§ Task details: Print every line below exactly as written, but leave the pictures behind.

------ Data to use ------

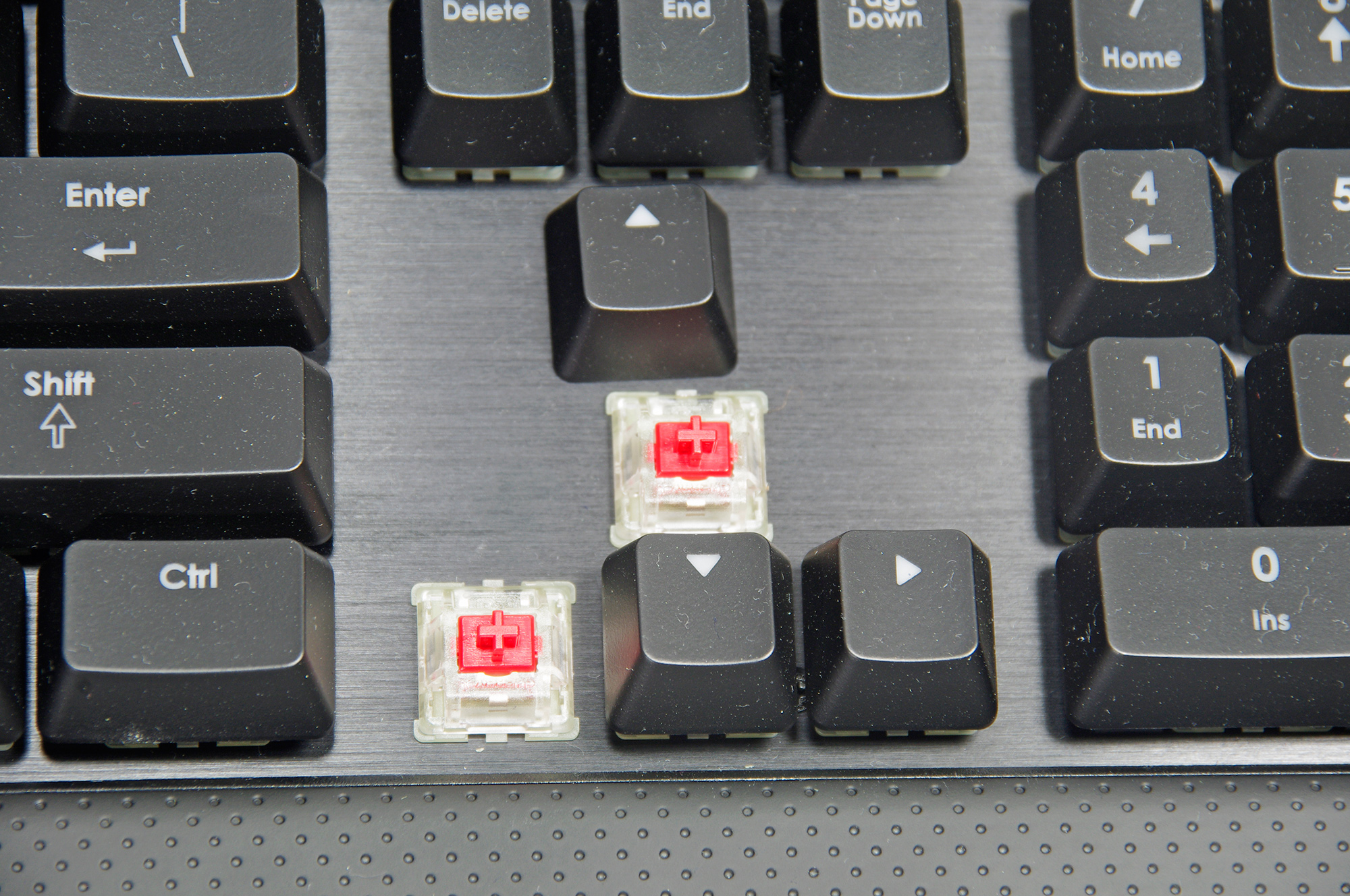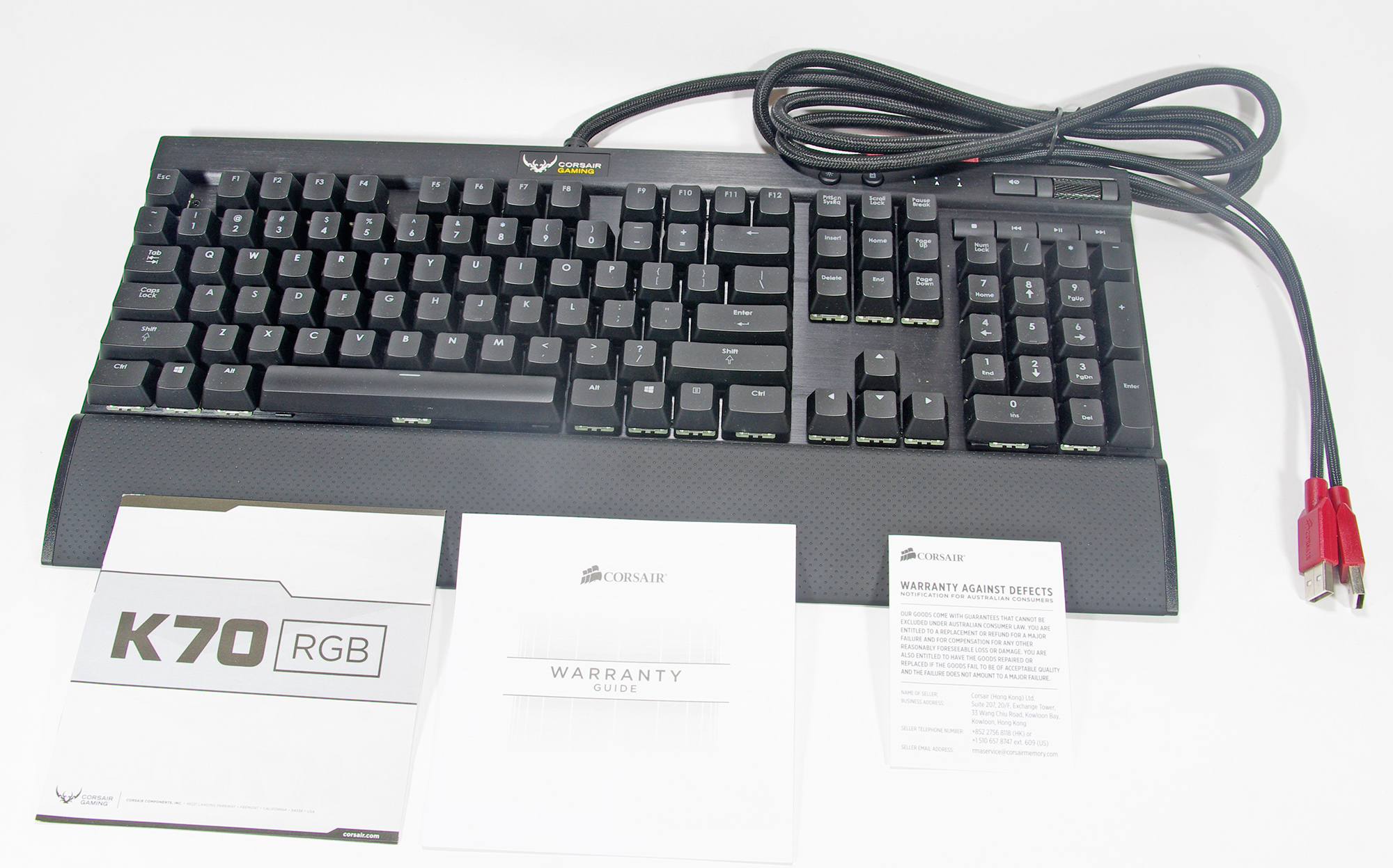 Corsair Gaming K70 RGB är utrustat med de nya Cherry MX RGB-brytarna. Vårt exemplar kommer med Cherry MX RGB Red, men även Cherry MX RGB Blue och Brown finns i utbudet. Känslan i brytarna är densamma som i vanliga Cherry MX brytare. Skillnaden är belysningen och hur denna integrerats i brytarna. Vanliga Cherry MX brytare är låsta till en färg, med Cherry MX RGB går det att välja mellan 16,8 miljoner olika färgnyanser. Tangentbordet har 105 full key rollover via USB vilket är bra att ha i spel när man kan behöva trycka ner många knappar samtidigt.
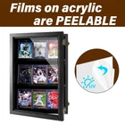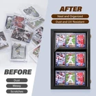Sports Card Display Case : Protect and Organize Your cards in Style! Product Information Superior Material: High-definition clear acrylic cover, waterproof, dustproof and UV resistant, dual groove design holds your cards in place. Suitable size: External dimensions are: 11.1 "H X 16.9 "W X 2.4 "D, suitable for collecting cards or other collectibles. Product Features Stylish Design: Black painted solid wood frame and high definition acrylic tops add texture to your collection. Clear Acrylic Protective Cover: The high-definition clear acrylic cover is waterproof, dustproof and comes with UV protection. Removable Shelves: Each shelf is notched to prevent slipping. You can customize the perfect display for your collections. No Assembly Required: It comes as one piece, ready to display your card collection. Excellent Gift: The timeless and functional design appeals to fathers, brothers, boyfriends, or anyone passionate about their hobby. Choose Sports Cards Display Case and elevate your collection experience. Your collections deserve the best! 【PLEASE NOTE】❗❗❗The acrylic door is covered with peel-off protective film on both sides. Peel it off for transparency display, or leave it on for protection.❗❗❗ 【Perfect Fit】Our Sports Card Display Case holds up to 9 cards, fitting various sports types like baseball, basketball, hockey, and football, or trading cards. Sized at 11.1" W X 16.9" H X 2.4" D, it's ideal for showcasing your collection securely. 【Custom Display】The removable shelves allow for adjusting to different card sizes. They're designed with edges to keep cards in place and display them attractively. 【Top-notch Protection】Made of acrylic with high transparency and UV protection, our case keeps your cards clear and prevents yellowing and dust, ensuring excellent preservation. 【For Sports Fans】Specifically crafted for sports enthusiasts, our case proudly displays your memorabilia, making it easy for friends and family to enjoy the memories with you. 【Easy Wall Mounting】The metal bracket on the back makes it effortless to mount on the wall, serving as both a display and a stylish décor. It arrives fully assembled for your convenience. If you have questions, don't hesitate to contact us.
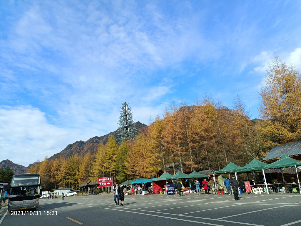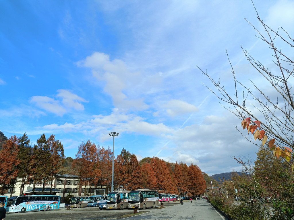 吃完早饭就奔景区大门去了,虽天气不好,但还是有挺多人的,停车场停了很多车,进停车场要先给钱,20块钱一停,也不限时,车停好后就进景区,要看健康码以及行程码,门票网上预定的也只是看一眼就进去了,在门票管理这块不严,进去后里面全是大巴车,也就是所谓的观光车吧,估计也就是红叶期间过来运营的车吧,平时是可以自驾进景区的
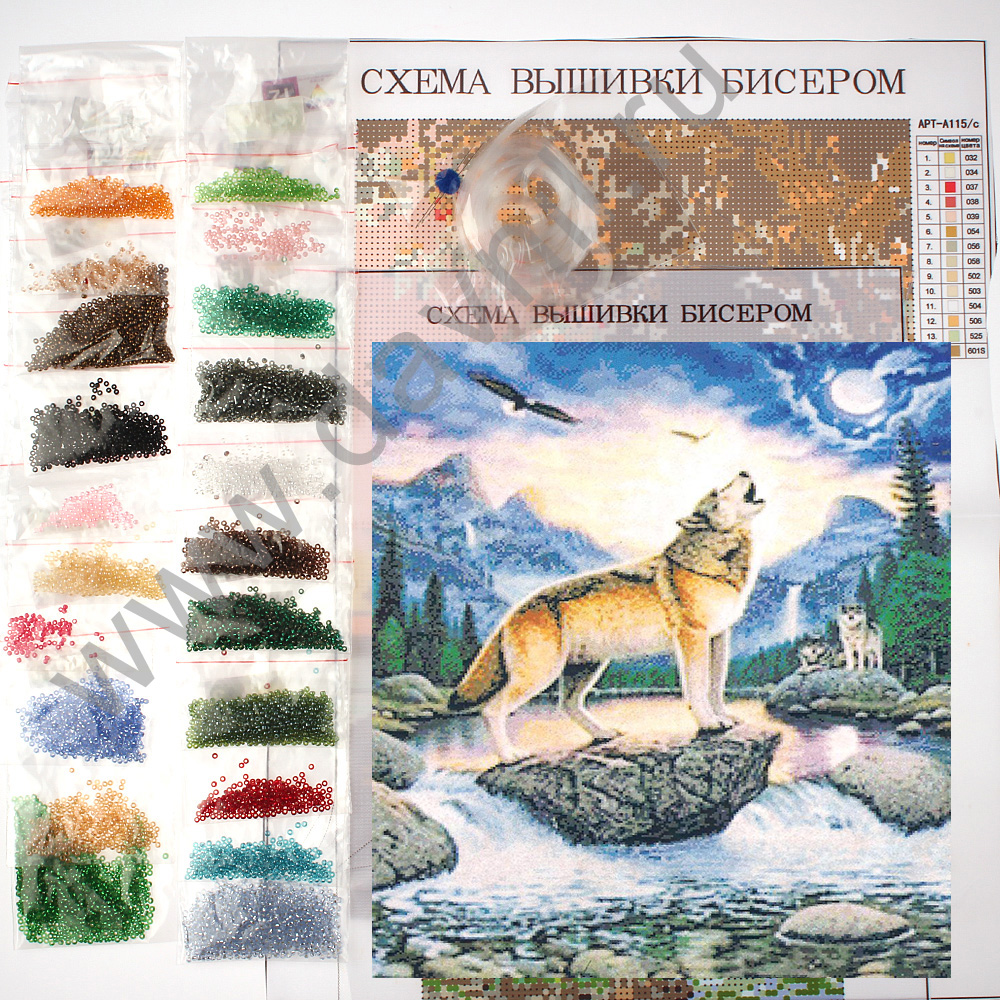 Набор для вышивания бисером 27*35 см. Волк на островке
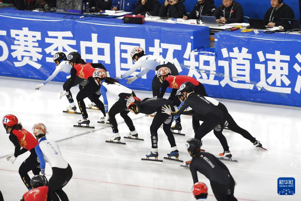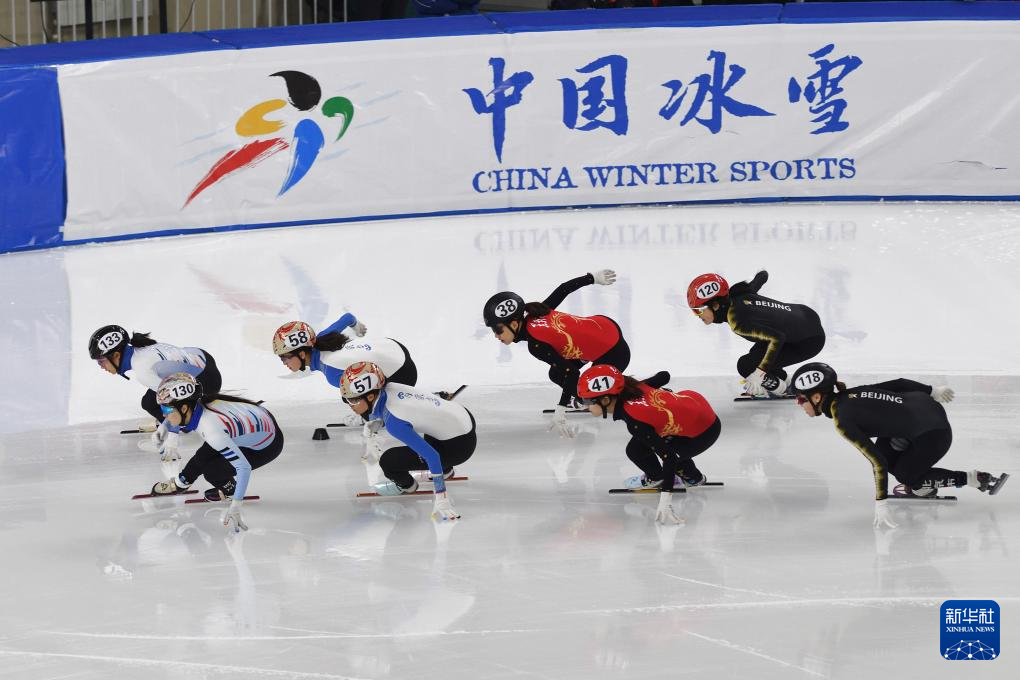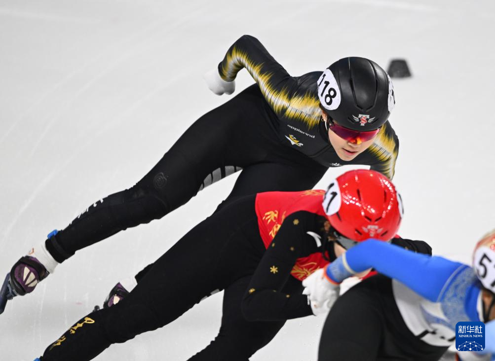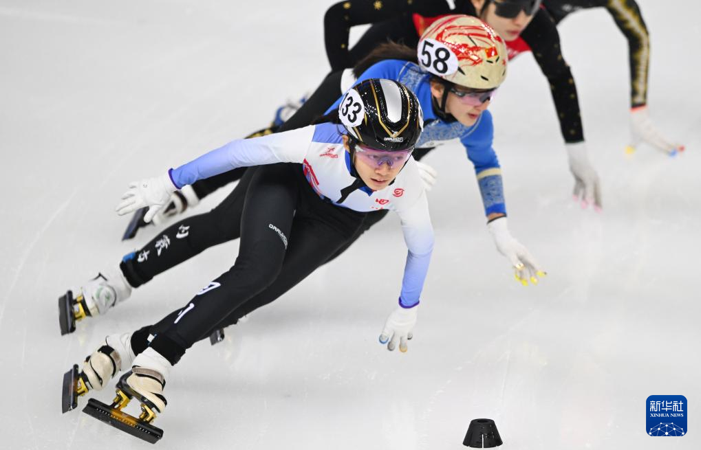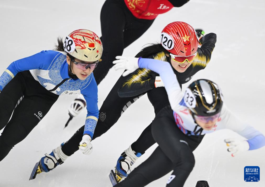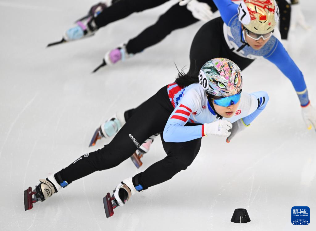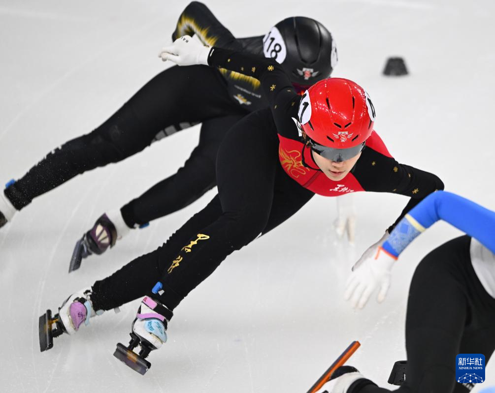 11月17日,黑龙江省冰上训练中心代表队选手张澜馨(中)在比赛中。

------

§ Response below:
 Corsair Gaming K70 RGB är utrustat med de nya Cherry MX RGB-brytarna. Vårt exemplar kommer med Cherry MX RGB Red, men även Cherry MX RGB Blue och Brown finns i utbudet. Känslan i brytarna är densamma som i vanliga Cherry MX brytare. Skillnaden är belysningen och hur denna integrerats i brytarna. Vanliga Cherry MX brytare är låsta till en färg, med Cherry MX RGB går det att välja mellan 16,8 miljoner olika färgnyanser. Tangentbordet har 105 full key rollover via USB vilket är bra att ha i spel när man kan behöva trycka ner många knappar samtidigt.
Sports Card Display Case : Protect and Organize Your cards in Style! Product Information Superior Material: High-definition clear acrylic cover, waterproof, dustproof and UV resistant, dual groove design holds your cards in place. Suitable size: External dimensions are: 11.1 "H X 16.9 "W X 2.4 "D, suitable for collecting cards or other collectibles. Product Features Stylish Design: Black painted solid wood frame and high definition acrylic tops add texture to your collection. Clear Acrylic Protective Cover: The high-definition clear acrylic cover is waterproof, dustproof and comes with UV protection. Removable Shelves: Each shelf is notched to prevent slipping. You can customize the perfect display for your collections. No Assembly Required: It comes as one piece, ready to display your card collection. Excellent Gift: The timeless and functional design appeals to fathers, brothers, boyfriends, or anyone passionate about their hobby. Choose Sports Cards Display Case and elevate your collection experience. Your collections deserve the best! 【PLEASE NOTE】❗❗❗The acrylic door is covered with peel-off protective film on both sides. Peel it off for transparency display, or leave it on for protection.❗❗❗ 【Perfect Fit】Our Sports Card Display Case holds up to 9 cards, fitting various sports types like baseball, basketball, hockey, and football, or trading cards. Sized at 11.1" W X 16.9" H X 2.4" D, it's ideal for showcasing your collection securely. 【Custom Display】The removable shelves allow for adjusting to different card sizes. They're designed with edges to keep cards in place and display them attractively. 【Top-notch Protection】Made of acrylic with high transparency and UV protection, our case keeps your cards clear and prevents yellowing and dust, ensuring excellent preservation. 【For Sports Fans】Specifically crafted for sports enthusiasts, our case proudly displays your memorabilia, making it easy for friends and family to enjoy the memories with you. 【Easy Wall Mounting】The metal bracket on the back makes it effortless to mount on the wall, serving as both a display and a stylish décor. It arrives fully assembled for your convenience. If you have questions, don't hesitate to contact us.
 吃完早饭就奔景区大门去了,虽天气不好,但还是有挺多人的,停车场停了很多车,进停车场要先给钱,20块钱一停,也不限时,车停好后就进景区,要看健康码以及行程码,门票网上预定的也只是看一眼就进去了,在门票管理这块不严,进去后里面全是大巴车,也就是所谓的观光车吧,估计也就是红叶期间过来运营的车吧,平时是可以自驾进景区的
 Набор для вышивания бисером 27*35 см. Волк на островке
 11月17日,黑龙江省冰上训练中心代表队选手张澜馨(中)在比赛中。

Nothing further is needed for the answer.